■ **What is expected**: Set out exactly, and only, the lines running from the one containing "ห้าง IFS หมีแพนด้าปิงตึก" to the bottom of the listing below; pictures stay out.

■ **Data below**:

- - - -

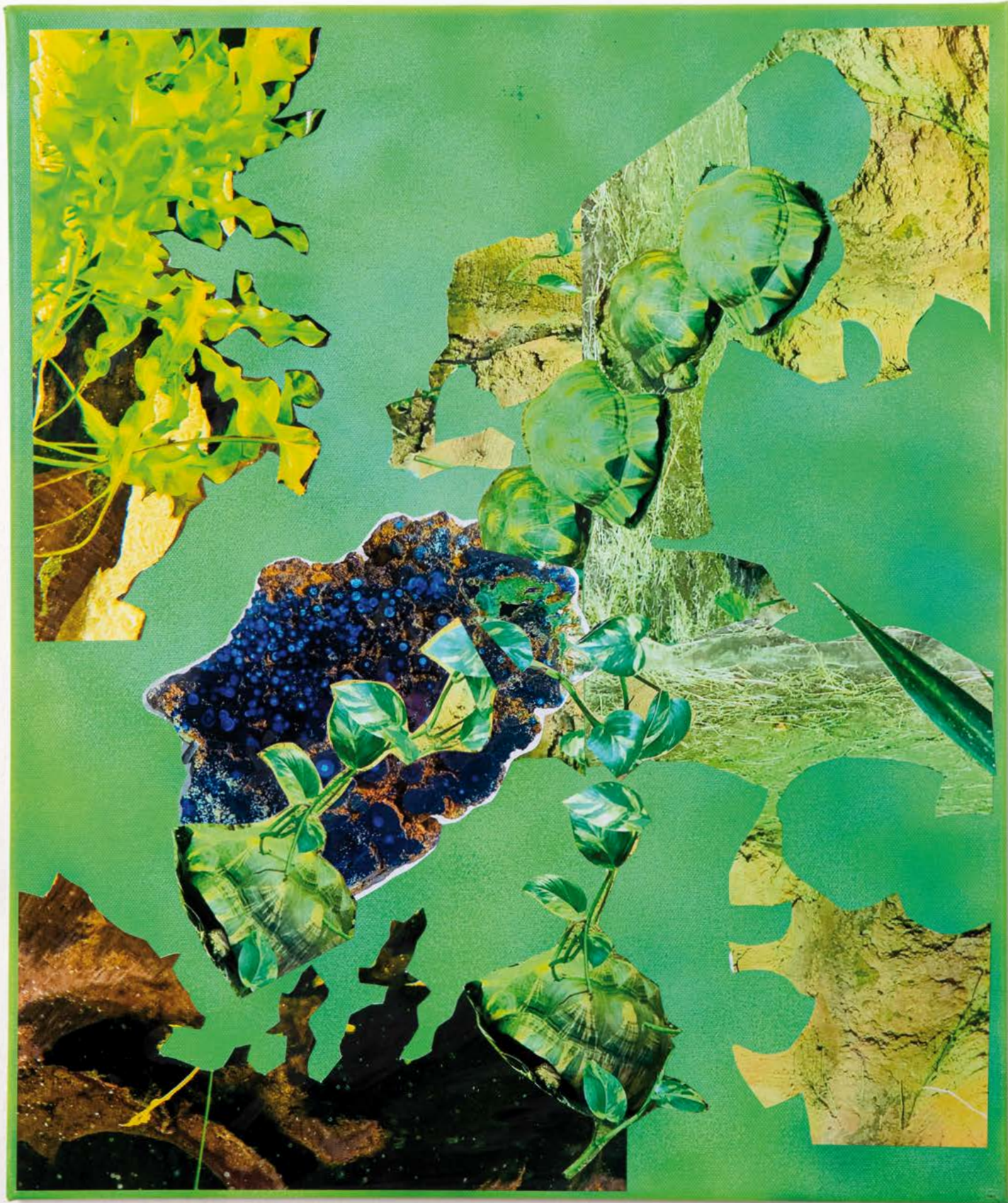
WE SAY NO
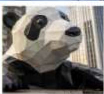
ห้าง IFS หมีแพนด้าปิงตึก
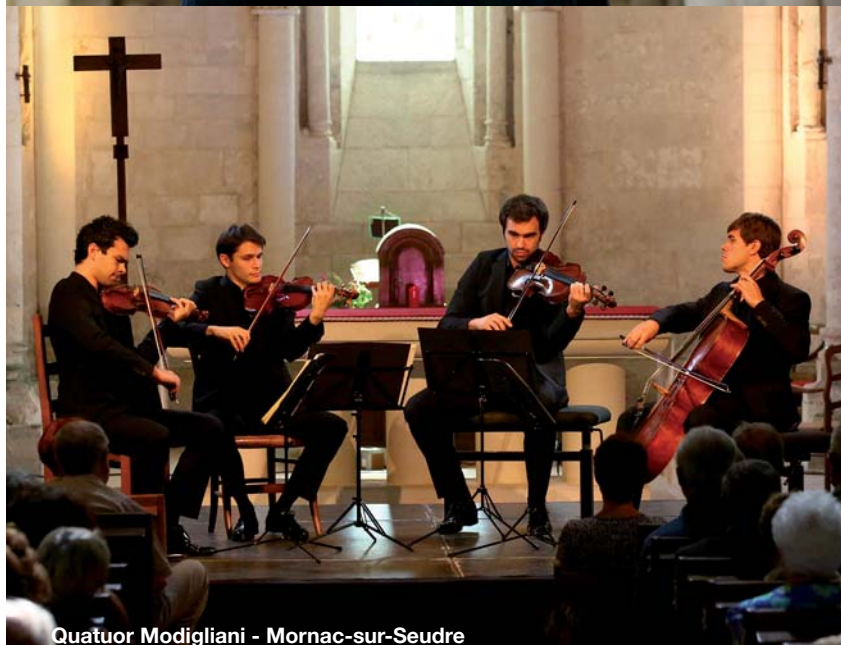
Quatuor Modigliani - Mornac-sur-Seude

- - - -

■ **Exercise response**:
ห้าง IFS หมีแพนด้าปิงตึก
Quatuor Modigliani - Mornac-sur-Seude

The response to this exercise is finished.